We use annotated tags along with git describe to generate versions that look like this
So in order to integrate with our java daemon pushes via tgz files stored in s3 (packaged by distribution gradle plugin), we name the images we push to our private registry with the same tag.
gradle task – build, tag, push
There are some plugins available to assist with use of docker but it was so simple just to use exec that we went ahead and put a build, tag, and push set of tasks in a common.gradle file. All it does is look for a src/docker folder and iterates over each folder contained therein and invokes docker to build, tag, or push the image corresponding to the git describe tag.
Conclusions and next steps
Thursday came and went as we worked through the issues listed above. Seyren is running just fine in its long running container. The Big Query uploader is also ticking along feeding data into our active warehouse solution with nice regularity.
Fig seems like a nice way to manage multiple containers on a single host and runit is working well for short lived programs.
All that said, there may be a couple more stones left to turn over.
We came in on thursday after leaving the docker container running under runit with –name and –rm removed in favor of cleaning up ourselves.
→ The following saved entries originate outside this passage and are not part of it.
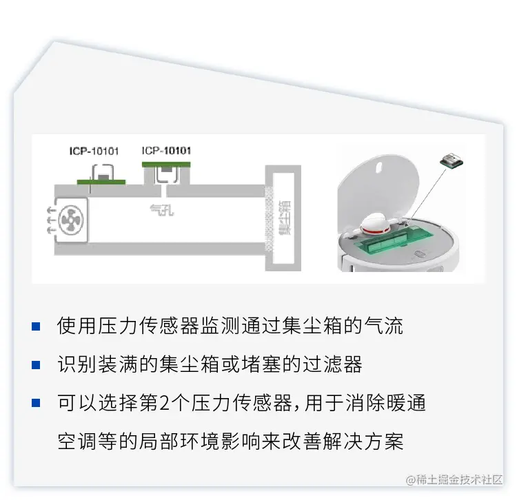 使用压力传感器监测通过尘盒的空气流量,可以估算出尘盒内的垃圾积存情况。TDK的气压传感器ICP-10101适用于此类应用。当检测到尘盒内的气压下降时表明尘盒已满,此时可触发扫地机器人停止工作并返回充电座。找正品元器件,上唯样商城,一些高端充电座具有自动清扫尘盒功能,尘盒被清理后,扫地机器人便可回到其最后停止工作的位置并继续清扫。
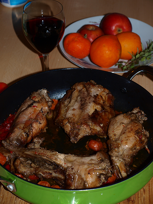 Carnea se spala foarte bine si se portioneaza. Se aseaza intr-o oala antiaderenta impreuna cu condimentele, morcovul, usturoiul, ardeiul si uleiul si se prajesc foarte putin, cateva minute. Se adauga vinul si apa si se lasa la foc mic cu capac, in cuptor, pentru o ora si 45 de minute, timp in care verificam si mai adaugam apa daca este nevoie.
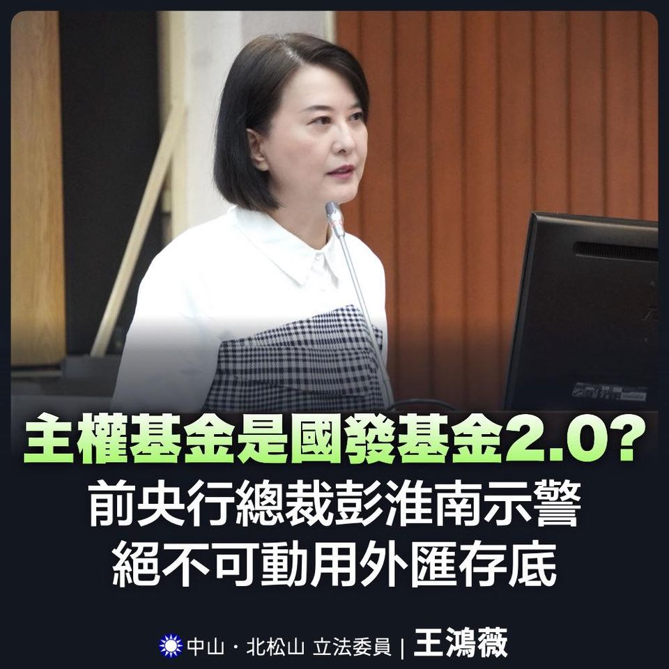王鴻薇說,立法院也因此才成立「國家發展基金不當投資暨管理失職調查委員會」,針對相關涉弊問題進行調查。如今恐怕是國發基金被放大檢視下,賴清德為了規避監督,巧立名目生出新的「主權基金」,又要虧空國庫多少錢?扶植多少綠友友出來?
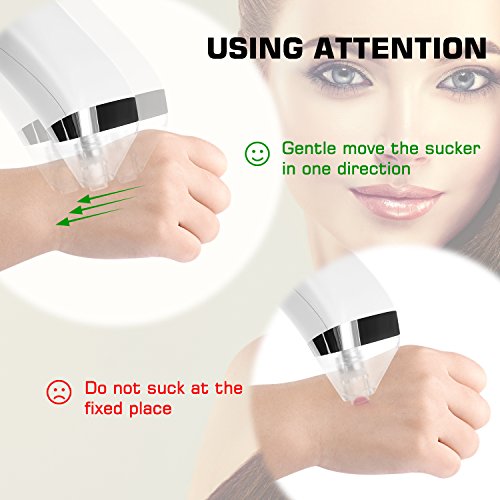 - 【 4 MULTIFUNCTIONAL INTERCHANGEABLE SUCTION CUPS FOR DIFFERENT NEEDS 】 - Particular suction cups make it more efficient and professional. Large Circular Hole is for eliminating blackheads and acne efficiently, Small Circular Hole is for clean and more careful moving, Elliptical Hole is for making the skin more elastic and compact, Micro-crystal Hole is for exfoliating keratin and dead skin, desalt scar.
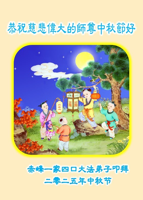 內蒙古赤峰一家四口大法弟子恭祝慈悲偉大的師尊中秋節快樂!
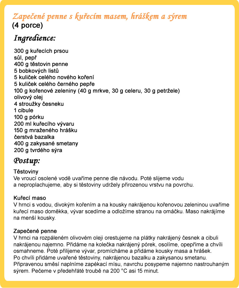 Zapečené penne s kuřecím masem, hráškem a sýrem

Disk usage on the root partition had increased from it’s pre-docker level but was stable i.e. not increasing. Poking around in /var/lib/docker/mnt, a folder full of folders named after current and previously provisioned container ids, showed that only one of them had any actual files in them. That consistent with having at most one active container running at a time. current and previous.
We’re happy about that but we’re looking into why more mounts are being held onto than we expect.
For instance, out Big Query uploader run at most every couple seconds and yet, df -h shows 5 mounted partitions. We’ll dig into this.
Different storage layer evaluation
Developers requirements for their environments are naturally less stringent than production systems. There are a number of different options for the storage layer other than devicemapper which we plan to explore and research.
stage integration environment
We’ll be looking at docker to handle both of these. We’ll put one or more jenkins jobs inline with our build process to act as gating steps to deployment.
It’s sunday now. Docker’s chugging away. Our sprint starts tomorrow and it’s full of docker work.